● TASK BRIEF
Data follows below. Repeat exactly the lines between the line holding "天気予報では、何やら雨が降る" and the line holding "Квартира с кухней-гостиной", inclusive, and nothing more; drop pictures.

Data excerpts
★ ★ ★ ★
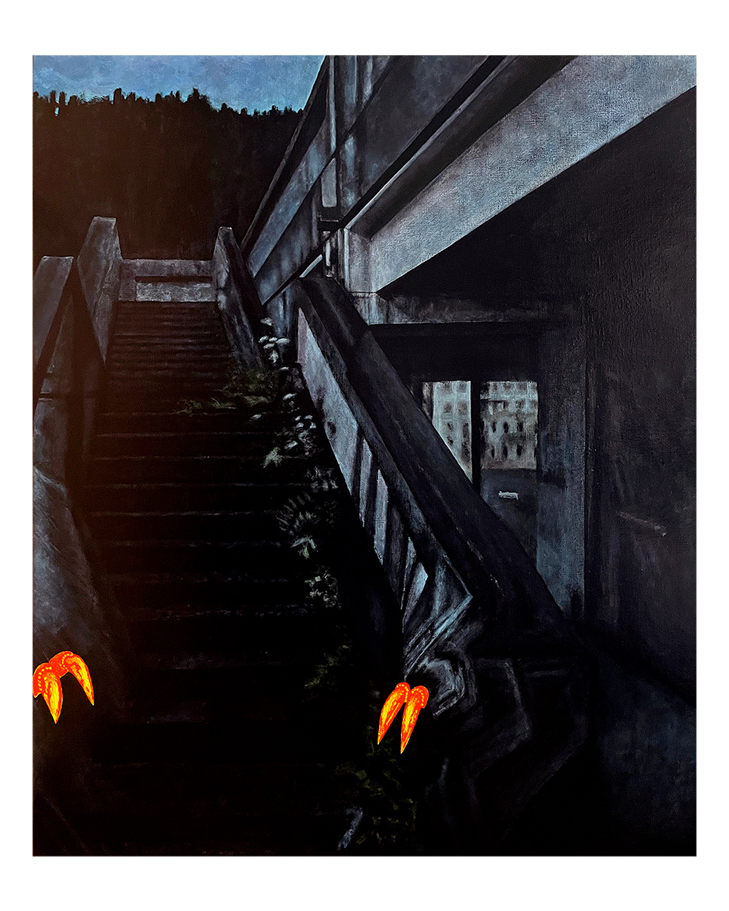 Night in Bad Gastein is a series of five acrylic works, that excavates the decadent melancholia of the paradoxical Alpine resort where bourgeois opulence has collapsed into sublime disrepair. Rooted in the artist’s summer sojourn of the pandemic 2020 with his partner, the paintings metabolize strolls through spectral corners into a visual palimpsest where architecture, history, nature, and imagination collide with both menace and play.
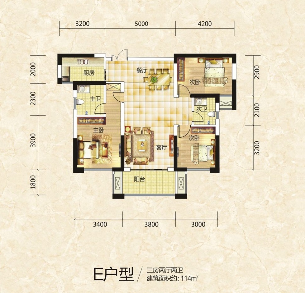 E:项目户型:三房两厅两卫
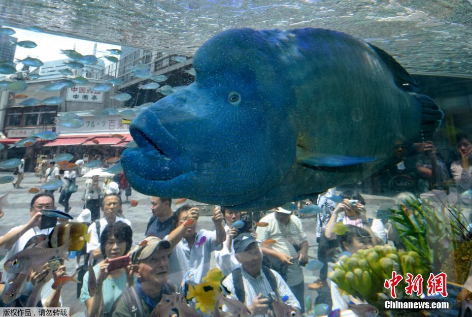 当地时间2017年7月31日,日本东京,主打冲绳海洋生物的2017年索尼水族馆展览举行,一只蓝色的苏眉鱼吸引民众围观。
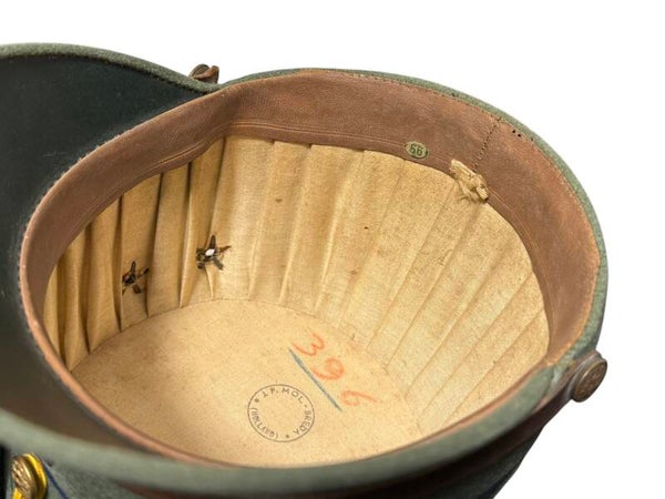 The kepi is still in good condition. Unfortunately there is a hole on top. Fortunately, this is not very noticeable. It was made for a non-commissioned officer of the 3rd Infantry Regiment. What is special is that it has a CM1937 stamp under the sweatband. This means that the state has commissioned the making of the kepi. It was made by J. P. Mol from Breda. There is also a number in it. Most likely from a theater company. The size label (56) is also still there. A very cool kepie that you won't encounter again anytime soon!
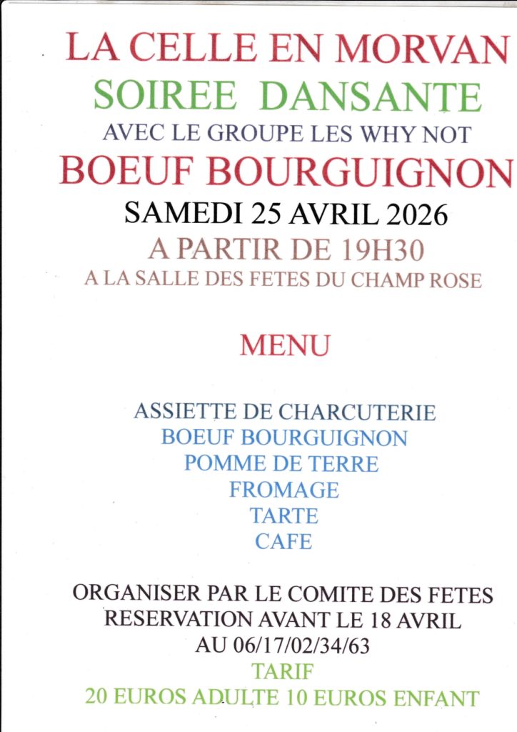 Au menu : Assiette de charcuterie, bœuf bourguignon pomme de terre, fromage, tarte, café. Réservation obligatoire.
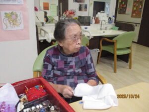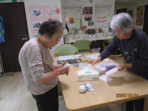 天気予報では、何やら雨が降るそうで「それは大変」と入居者様てるてるぼうずを作ると言い出し
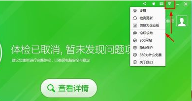 2、进入到卫士页面以后,我们在顶部的菜单栏中找到如图的小三角形按钮,点击按钮,会弹出一个新的下拉框,在下拉框中点击设置。
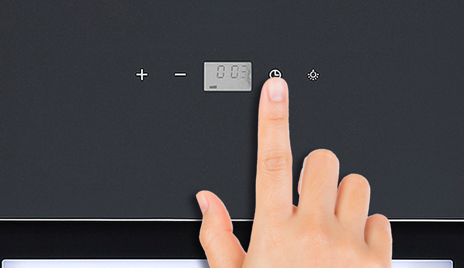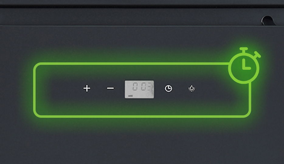 Permite visualizar la hora y programar el tiempo de funcionamiento del extractor hasta 1 hora.
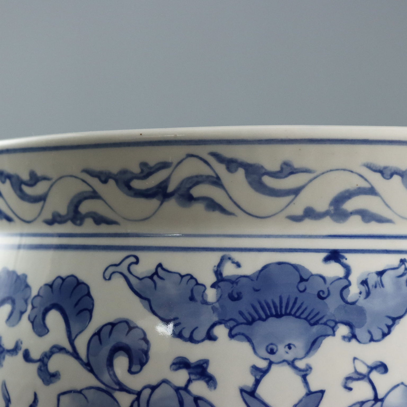 Porcelain cachepot vase with vegetal swirl decorations in shades of blue. collector's articles, ancient objects, porcelain, ceramics.
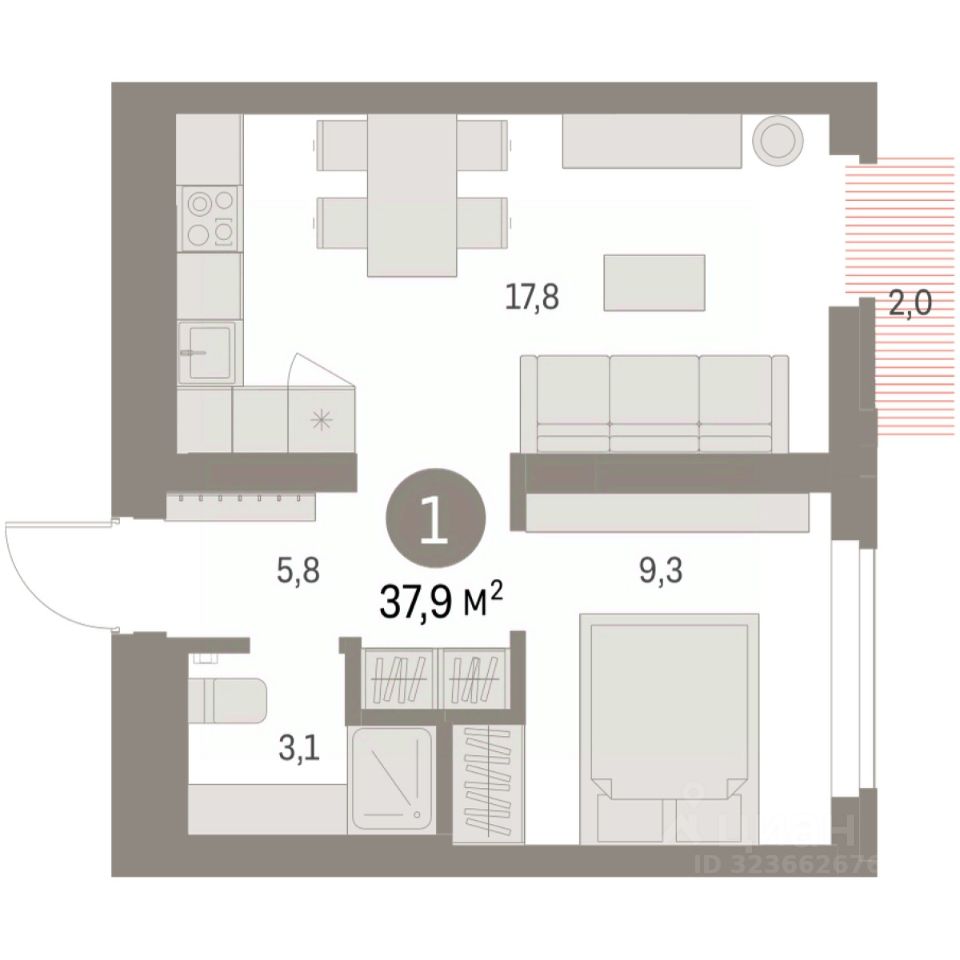 Квартира с кухней-гостиной и одной спальней в Бруснике в Академическом. Особенности планировки: предчистовая отделка, балкон.
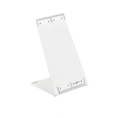 Article name: Table stand Number of display panels supplied: without display panels Piece Fastening technology: Pin mechanism Description of special features: L-shape Material: metal Use for A4 size display paper panels Made of plastic-coated steel L-shaped table stand Available in grey colour Measures 190 mm width by 295 mm height by 165 mm depth
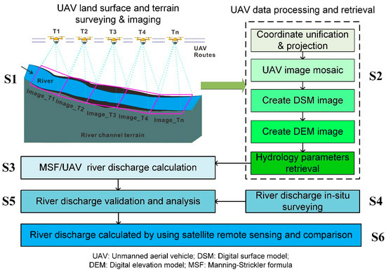 The river discharge was calculated using data collected by a UAV and remote sensing satellites. The UAV had cameras with three spectral channels and a GPS, so it contributed to the river discharge in two ways (Figure 4). First, the camera on the UAV platform was used to capture precise information about the river channel. Flying automatically in preset routes, the UAV continuously recovered images of the river channel surface at a high spatial resolution (5 cm) and sent the images to the base station in real-time. The hydrological parameters used to calculate the discharge, including river channel width, river water surface width, and river channel length, were then determined precisely from the UAV images. Second, topographical data of the river channel were also acquired from the elevation survey undertaken by the GPS on the UAV. As the images are taken by the camera, the GPS records the horizontal and vertical coordinates of the visual images. The elevation and the horizontal distance of the river channel were generated and calculated from the vertical coordinates.
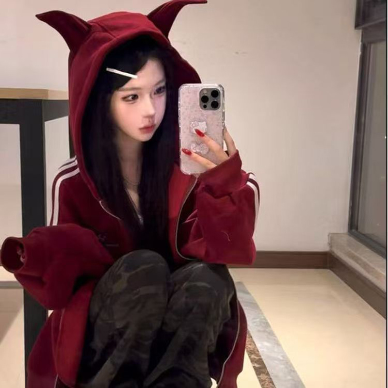 YF6915-图片色春秋复古风牛角帽子撞色条纹长袖拉链休闲百搭学院风卫衣潮
★ ★ ★ ★
● ANSWER SECTION
 天気予報では、何やら雨が降るそうで「それは大変」と入居者様てるてるぼうずを作ると言い出し
 2、进入到卫士页面以后,我们在顶部的菜单栏中找到如图的小三角形按钮,点击按钮,会弹出一个新的下拉框,在下拉框中点击设置。
 Permite visualizar la hora y programar el tiempo de funcionamiento del extractor hasta 1 hora.
 Porcelain cachepot vase with vegetal swirl decorations in shades of blue. collector's articles, ancient objects, porcelain, ceramics.
 Квартира с кухней-гостиной и одной спальней в Бруснике в Академическом. Особенности планировки: предчистовая отделка, балкон.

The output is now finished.